Da Chen, Yuefeng Chen, Yuhong Li, Feng Mao, Yuan He, Hui Xuethanks: Equal Contribution. \addressAlibaba Group, China
{chen.cd, yuefeng.chenyf,daniel.lyh,maofeng.mf,heyuan.hy,hui.xueh@alibaba-inc.com} \ninept {keywords} Self-supervised learning, Few-shot learning, Embedding network, Metric learning, Image classification

1 Introduction

Recent advances of deep learning techniques have made significant progresses in many areas. The main reason for such success is the ability to train a deep model that can retain profound knowledge from large scale labeled dataset [6, 9]. This is somehow against the human learning behavior - one can easily classify objects from just a few examples with limited prior knowledge. How to computationally model such behavior motivates the recent researches in few-shot learning, where the focus is how to adapt the model to new data or tasks with restricted number of instances.

One popular solution for few-shot classification is to apply a meta-learning process, in which the dataset is divided into subsets for different meta tasks, in order to learn how to adapt the model according to the task change. The main challenge here is that the meta-learning could easily lead to over fitting, as only a few samples for each class are available. To solve this problem, an attention mechanism that achieves a good classification for the unlabeled samples by learning an embedding of the labeled ones has been proposed [30]. By sub-sampling classes and the associated data therein to simulate few-shot tasks [23, 26, 28], the so called episodes can further benefit meta-learning by constructing a probability model to predict a decision boundary between classes. Recent meta-learning methods [24, 22] focus on retrieving transferable embedding from the dataset along with the relation between images and their class descriptions. This is done by decomposing the training into two stages, i.e., i). learning a robust and transferable embedding, and ii). fine-tuning the learned embedding for downstream classification task. All these works demonstrate that a robust pre-trained embedding network is essential to the performance of the few-shot image classification task.

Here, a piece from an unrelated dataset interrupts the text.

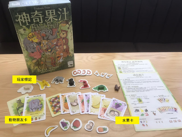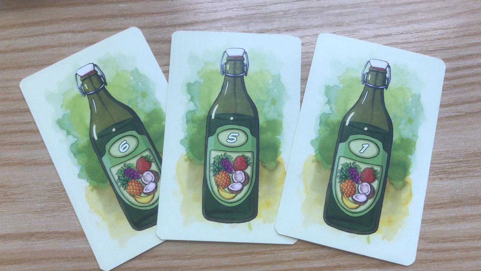 而且遊戲的結束方式是,一旦有玩家完成指定數量的果汁,並完成該輪後,最多果汁的玩家獲得2分,而其他玩家只要不是最少果汁的玩家都可獲得1分,而最少果汁的玩家就要繼續努力了…
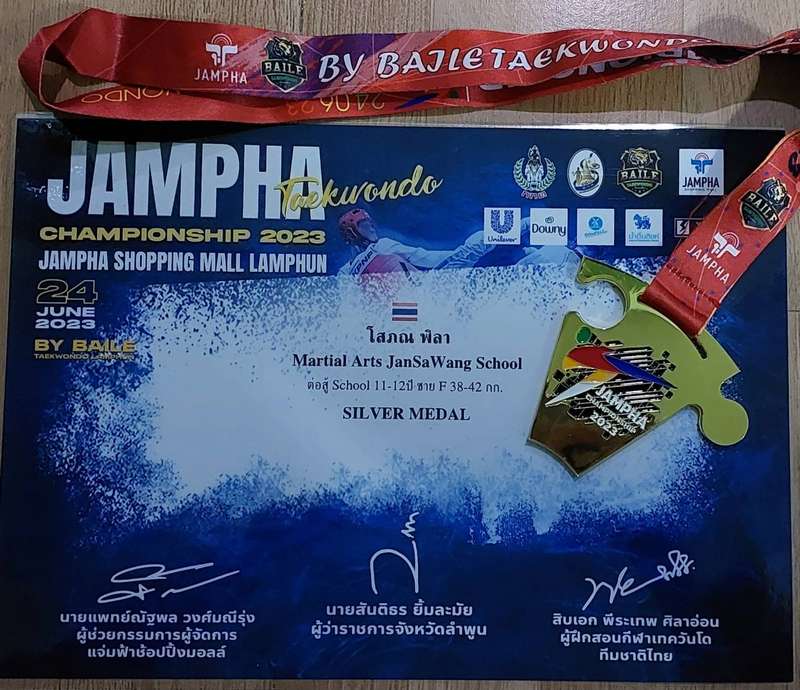 ด.ช.โสภณ พิลา นักเรียนชั้นประถมศึกษาปีที่ 6/2 ได้รับรางวัลรองชนะเลิศอันดับ 1 เหรียญเงิน ในการแข่งขันเทควันโด รุ่นอายุ 11-12 ปีชาย น้ำหนัก 38-42 กก. ในรายการการแข่งขัน Jampha Taekwondo Championship 2023 Jampha Shopping Mall Lamphun เมื่อวันที่ 24 มิถุนายน 2566

Current methods [13, 21, 22, 25] with good performance mostly apply a ResNet12 [10] or a wide ResNet [32] as the embedding network and surpass the methods [2, 4] with deeper network. We argue that the abandon of large network are mainly because that all these methods are trained in a supervised way with limited labeled samples. In this paper, we propose to apply a much more larger embedding network with self-supervised learning (SSL) to incorporate with episodic task based meta-learning. According to the evaluation presented in Section 4, the proposed method can significantly improve few-shot image classification performance over baseline methods in two common datasets. As a remark, under the same experiemnt setting, the proposed method improves 1-shot and 5-shot tasks by nearly 3% and 4% on MiniImageNet, by nearly 9% and 3% on CUB. Moreover, the proposed method can gain the improvement of 15%, 13% and 15%, 8% in two tasks on MiniImageNet and CUB dataset by pretraining using more unlabeled data. We also observe that self-supervised learning pre-train model can be robustly transferred to other dataset.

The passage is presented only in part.